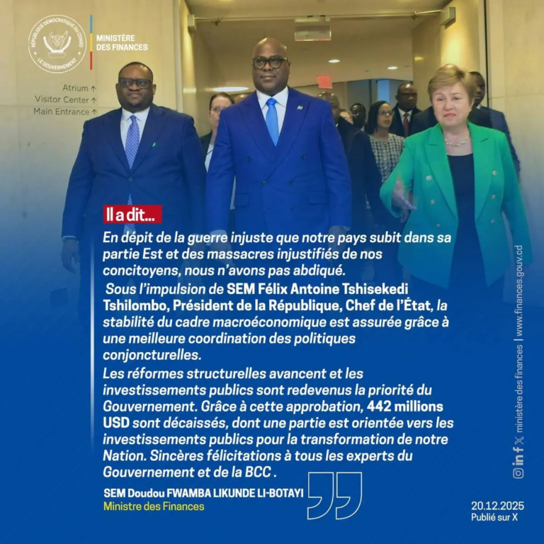 Le Ministre des Finances, Doudou Fwamba dans la délégation officielle conduite par le Président de la République, Félix Tshisekedi à une rencontre
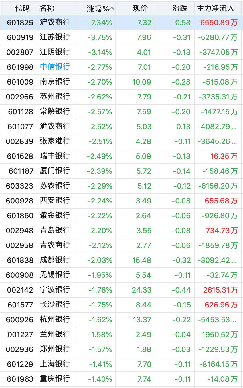 整体来看,周一银行板块跌幅靠前的25只个股中,除前期涨幅较大的股份行中信银行也跌2.77%外,其余均为城、农商行。42家A股上市银行中,当天仅交通银行、农业银行、建设银行、工商银行飘红。
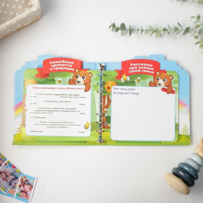 Детская родословная книга в игровой форме содержит увлекательные задания, которые познакомят ребенка с семейными ценностями.
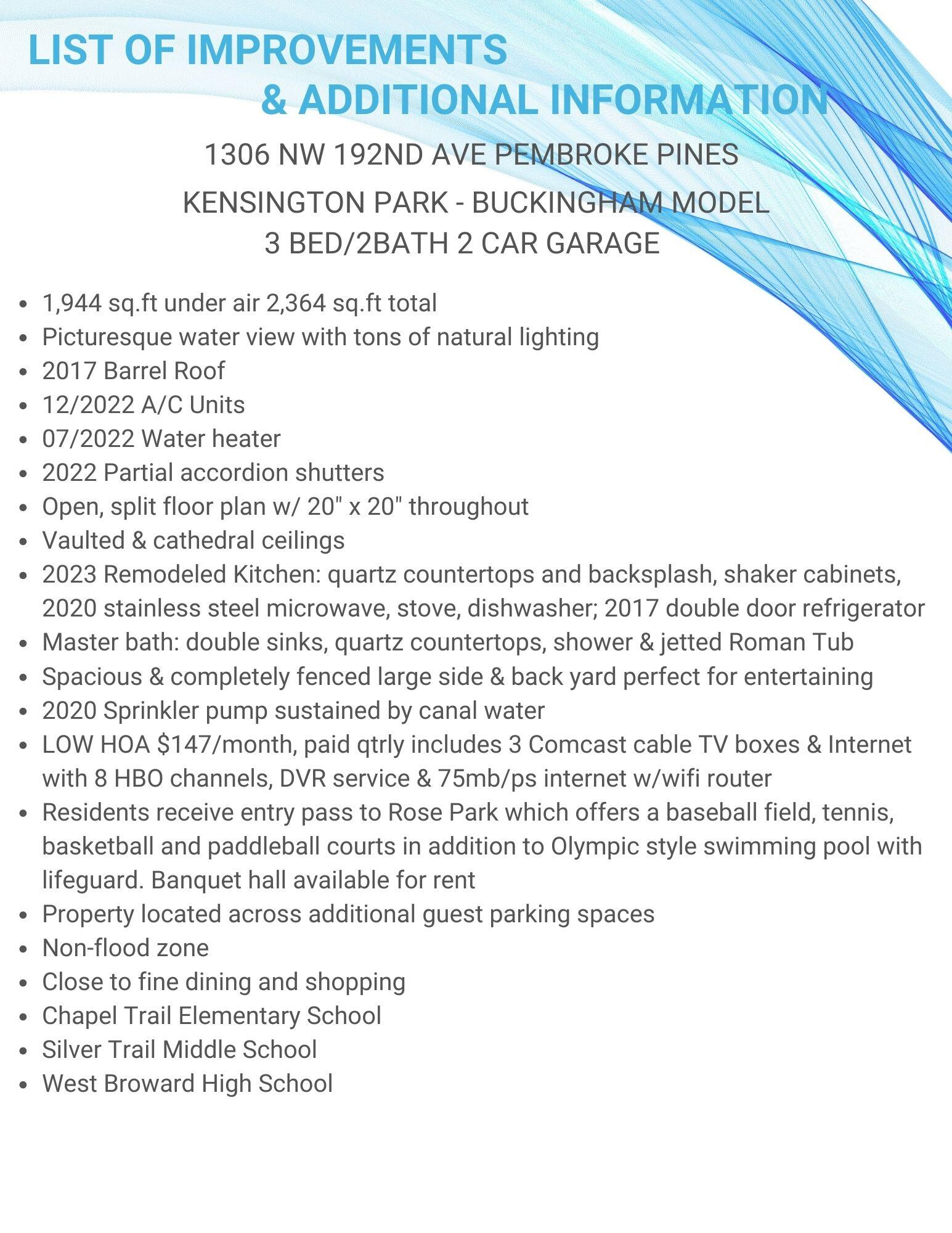 Bright, open & airy 3 bedroom, 2 bathroom, 2 car garage, split floorplan in highly sought Kensington Park at Chapel Trial! Enjoy vaulted ceilings with arched windows as you view plenty of wildlife in the picturesque, huge flowing canal right in your own private, fenced backyard - perfect for entertaining! 2017 roof; 2022 A/C; 2022 partial accordion shutters; 2022 water heater; sprinkler system sustained by canal water; 2023 kitchen with quartz countertops, backsplash, shaker cabinets and newer stainless steel appliances. Master bedroom welcomes you with water view, cathedral ceilings, large master bath with quartz countertops, double sinks, shower & jetted Roman Tub. 20''x20'' tile flooring throughout. LOW HOA $147/month, paid qtrly, includes 3 Comcast cable

——

**WORK REQUEST**
The required output is every line from the one containing "Детская родословная книга" through the last line of the data above, restated exactly and without pictures.

**TASK ANSWER**
 Детская родословная книга в игровой форме содержит увлекательные задания, которые познакомят ребенка с семейными ценностями.
 Bright, open & airy 3 bedroom, 2 bathroom, 2 car garage, split floorplan in highly sought Kensington Park at Chapel Trial! Enjoy vaulted ceilings with arched windows as you view plenty of wildlife in the picturesque, huge flowing canal right in your own private, fenced backyard - perfect for entertaining! 2017 roof; 2022 A/C; 2022 partial accordion shutters; 2022 water heater; sprinkler system sustained by canal water; 2023 kitchen with quartz countertops, backsplash, shaker cabinets and newer stainless steel appliances. Master bedroom welcomes you with water view, cathedral ceilings, large master bath with quartz countertops, double sinks, shower & jetted Roman Tub. 20''x20'' tile flooring throughout. LOW HOA $147/month, paid qtrly, includes 3 Comcast cable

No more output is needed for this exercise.